• _PROBLEM DESCRIPTION_
Go to the line in the entries below that holds "Реальные потребности милиции" and repeat exactly from there through the line that holds "для парковки. А", inclusive.

• _MATERIALS PROVIDED_

= Beginning of Section =

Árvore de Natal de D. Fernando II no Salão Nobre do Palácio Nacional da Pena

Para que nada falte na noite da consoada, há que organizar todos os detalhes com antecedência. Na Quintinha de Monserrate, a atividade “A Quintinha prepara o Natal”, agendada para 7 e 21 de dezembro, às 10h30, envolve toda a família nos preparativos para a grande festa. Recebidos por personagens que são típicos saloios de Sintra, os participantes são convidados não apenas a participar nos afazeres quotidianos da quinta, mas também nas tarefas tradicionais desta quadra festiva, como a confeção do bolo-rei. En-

= End of Section =
= Beginning of Section =

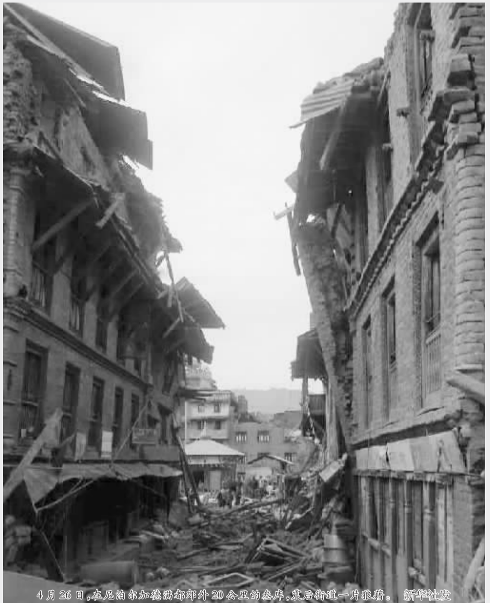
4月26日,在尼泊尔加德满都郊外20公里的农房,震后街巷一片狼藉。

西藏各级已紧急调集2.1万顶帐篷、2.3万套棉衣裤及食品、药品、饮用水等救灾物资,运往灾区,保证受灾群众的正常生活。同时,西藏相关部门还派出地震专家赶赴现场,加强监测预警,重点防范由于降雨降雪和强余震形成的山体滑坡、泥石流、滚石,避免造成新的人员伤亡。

= End of Section =
= Beginning of Section =

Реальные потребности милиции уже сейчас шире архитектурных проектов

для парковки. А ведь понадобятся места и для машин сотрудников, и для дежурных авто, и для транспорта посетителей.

= End of Section =

• _RESPONSE BELOW_
Реальные потребности милиции уже сейчас шире архитектурных проектов

для парковки. А ведь понадобятся места и для машин сотрудников, и для дежурных авто, и для транспорта посетителей.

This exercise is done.